* Work instructions:
Begin at the line containing "當(dāng)日,吉林省吉林" in the records below, end at the line containing "1月27日,孙健代表在参加乌鲁木齐市代表团审议时,举手发言。", and retype each line in that span exactly. No other line and no image should appear.

### Input data ###

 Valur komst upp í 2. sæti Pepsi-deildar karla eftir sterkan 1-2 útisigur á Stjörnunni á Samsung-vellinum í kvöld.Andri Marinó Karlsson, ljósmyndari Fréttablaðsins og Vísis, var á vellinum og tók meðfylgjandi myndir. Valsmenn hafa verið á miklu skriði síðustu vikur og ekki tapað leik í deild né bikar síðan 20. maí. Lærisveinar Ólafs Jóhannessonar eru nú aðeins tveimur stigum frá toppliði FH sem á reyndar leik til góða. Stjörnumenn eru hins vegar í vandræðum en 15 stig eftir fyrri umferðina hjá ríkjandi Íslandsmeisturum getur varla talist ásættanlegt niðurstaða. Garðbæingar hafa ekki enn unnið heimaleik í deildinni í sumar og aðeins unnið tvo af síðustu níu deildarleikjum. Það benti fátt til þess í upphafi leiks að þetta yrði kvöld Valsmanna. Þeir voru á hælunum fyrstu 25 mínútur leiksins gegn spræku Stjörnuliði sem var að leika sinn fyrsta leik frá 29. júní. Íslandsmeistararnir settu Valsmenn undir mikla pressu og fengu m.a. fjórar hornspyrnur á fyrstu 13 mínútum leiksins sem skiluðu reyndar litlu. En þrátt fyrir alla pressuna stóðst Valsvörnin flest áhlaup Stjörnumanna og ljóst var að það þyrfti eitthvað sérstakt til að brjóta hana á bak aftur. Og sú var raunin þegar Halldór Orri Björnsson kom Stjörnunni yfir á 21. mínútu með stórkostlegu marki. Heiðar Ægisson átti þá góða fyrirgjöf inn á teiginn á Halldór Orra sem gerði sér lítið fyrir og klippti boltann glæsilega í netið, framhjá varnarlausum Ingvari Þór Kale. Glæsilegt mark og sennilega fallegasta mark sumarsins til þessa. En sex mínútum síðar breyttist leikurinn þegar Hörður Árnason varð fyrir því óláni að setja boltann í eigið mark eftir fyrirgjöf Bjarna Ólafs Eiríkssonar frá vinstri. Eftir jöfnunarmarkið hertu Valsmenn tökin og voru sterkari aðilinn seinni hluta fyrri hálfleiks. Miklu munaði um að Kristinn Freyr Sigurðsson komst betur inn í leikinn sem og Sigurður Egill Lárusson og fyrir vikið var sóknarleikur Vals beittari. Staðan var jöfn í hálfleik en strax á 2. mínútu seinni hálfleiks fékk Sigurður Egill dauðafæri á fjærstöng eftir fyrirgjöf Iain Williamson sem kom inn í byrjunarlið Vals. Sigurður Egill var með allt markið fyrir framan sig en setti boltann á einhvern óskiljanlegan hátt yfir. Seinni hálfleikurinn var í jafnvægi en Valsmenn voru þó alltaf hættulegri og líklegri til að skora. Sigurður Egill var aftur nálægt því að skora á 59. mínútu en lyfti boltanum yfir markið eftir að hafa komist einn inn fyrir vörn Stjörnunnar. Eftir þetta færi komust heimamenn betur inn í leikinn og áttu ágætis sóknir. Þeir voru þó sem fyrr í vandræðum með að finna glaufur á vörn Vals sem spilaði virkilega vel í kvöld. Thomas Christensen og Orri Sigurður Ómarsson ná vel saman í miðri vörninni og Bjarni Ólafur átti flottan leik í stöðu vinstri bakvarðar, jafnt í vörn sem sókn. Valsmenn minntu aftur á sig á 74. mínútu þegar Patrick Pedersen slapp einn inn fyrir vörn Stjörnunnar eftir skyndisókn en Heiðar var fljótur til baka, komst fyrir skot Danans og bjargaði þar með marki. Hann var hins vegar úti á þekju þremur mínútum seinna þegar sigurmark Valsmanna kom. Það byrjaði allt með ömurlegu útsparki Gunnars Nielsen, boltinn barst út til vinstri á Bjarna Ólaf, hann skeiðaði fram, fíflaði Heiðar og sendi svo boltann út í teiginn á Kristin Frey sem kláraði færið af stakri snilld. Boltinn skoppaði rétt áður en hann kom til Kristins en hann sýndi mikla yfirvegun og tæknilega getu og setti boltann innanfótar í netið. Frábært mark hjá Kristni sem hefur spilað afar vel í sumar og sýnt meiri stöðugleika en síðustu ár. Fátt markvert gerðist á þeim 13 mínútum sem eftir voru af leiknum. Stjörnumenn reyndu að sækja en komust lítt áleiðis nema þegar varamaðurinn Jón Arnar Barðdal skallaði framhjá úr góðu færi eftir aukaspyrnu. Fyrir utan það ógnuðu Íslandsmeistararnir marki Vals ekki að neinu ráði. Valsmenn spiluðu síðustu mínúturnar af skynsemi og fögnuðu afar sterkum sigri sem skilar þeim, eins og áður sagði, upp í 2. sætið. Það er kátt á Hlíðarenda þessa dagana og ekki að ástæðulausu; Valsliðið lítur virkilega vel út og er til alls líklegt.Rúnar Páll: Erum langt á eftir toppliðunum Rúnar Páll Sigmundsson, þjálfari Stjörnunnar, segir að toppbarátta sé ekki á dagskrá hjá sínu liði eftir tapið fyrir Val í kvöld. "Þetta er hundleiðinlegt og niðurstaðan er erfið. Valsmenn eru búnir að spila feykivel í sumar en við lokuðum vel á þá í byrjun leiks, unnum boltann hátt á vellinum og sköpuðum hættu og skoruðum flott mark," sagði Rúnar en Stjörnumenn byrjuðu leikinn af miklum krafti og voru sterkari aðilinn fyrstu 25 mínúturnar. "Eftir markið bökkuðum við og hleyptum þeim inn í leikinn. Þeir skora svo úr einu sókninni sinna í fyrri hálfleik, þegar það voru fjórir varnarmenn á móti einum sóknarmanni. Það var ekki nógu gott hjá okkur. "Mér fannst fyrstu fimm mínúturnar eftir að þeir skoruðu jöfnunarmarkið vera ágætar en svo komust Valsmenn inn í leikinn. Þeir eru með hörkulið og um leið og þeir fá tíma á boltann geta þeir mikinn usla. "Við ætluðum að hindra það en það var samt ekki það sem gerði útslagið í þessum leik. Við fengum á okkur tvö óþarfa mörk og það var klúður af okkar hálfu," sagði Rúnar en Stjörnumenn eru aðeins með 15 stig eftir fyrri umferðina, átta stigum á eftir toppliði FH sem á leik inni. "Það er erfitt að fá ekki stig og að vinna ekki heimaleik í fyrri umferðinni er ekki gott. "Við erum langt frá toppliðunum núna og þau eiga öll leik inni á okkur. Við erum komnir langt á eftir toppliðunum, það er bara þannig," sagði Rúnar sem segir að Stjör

###
### Input data ###

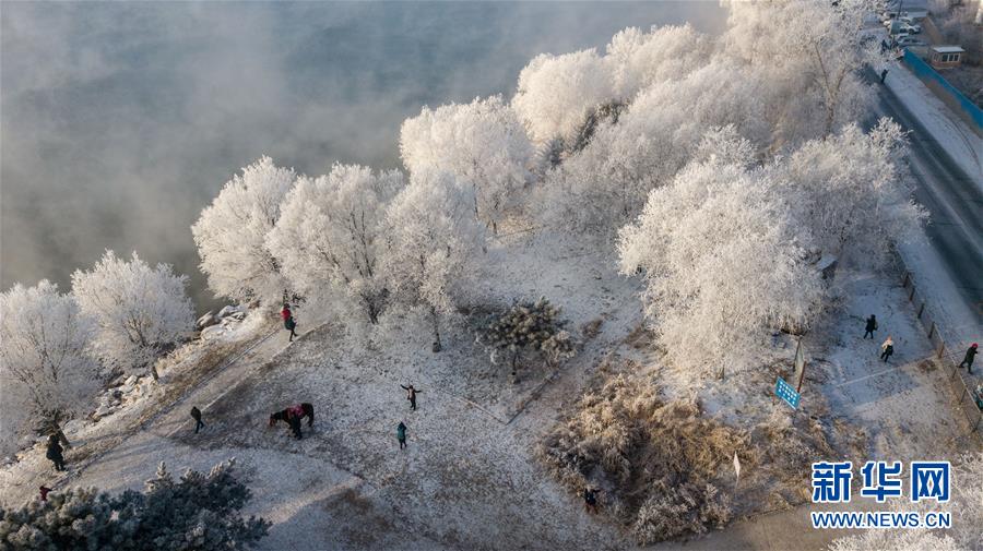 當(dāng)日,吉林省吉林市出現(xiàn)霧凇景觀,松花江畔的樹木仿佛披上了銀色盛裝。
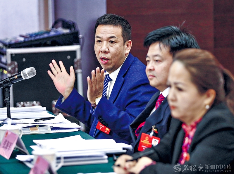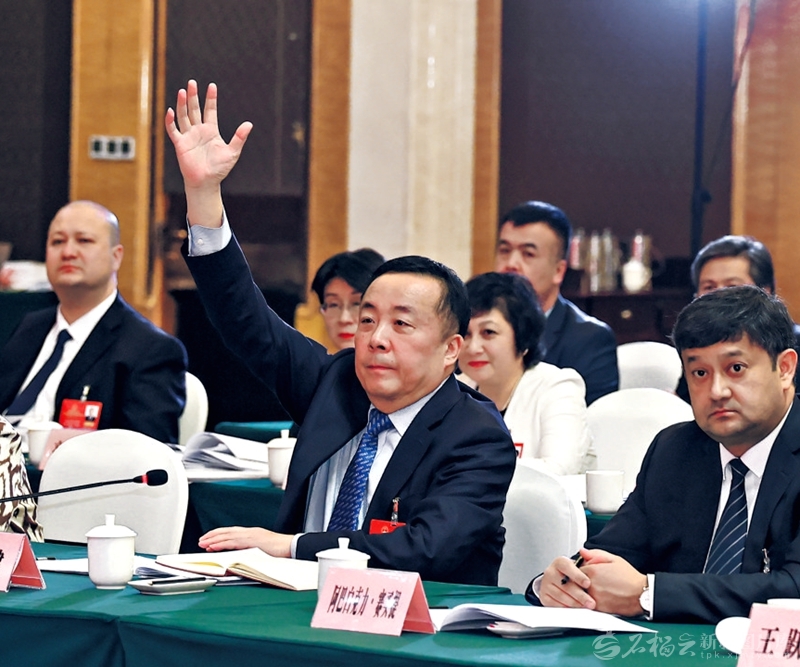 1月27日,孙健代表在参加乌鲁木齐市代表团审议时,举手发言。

###
### Input data ###

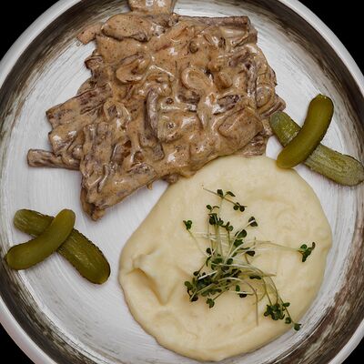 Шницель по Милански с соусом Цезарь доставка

###

* Solution to this exercise:
 當(dāng)日,吉林省吉林市出現(xiàn)霧凇景觀,松花江畔的樹木仿佛披上了銀色盛裝。
 1月27日,孙健代表在参加乌鲁木齐市代表团审议时,举手发言。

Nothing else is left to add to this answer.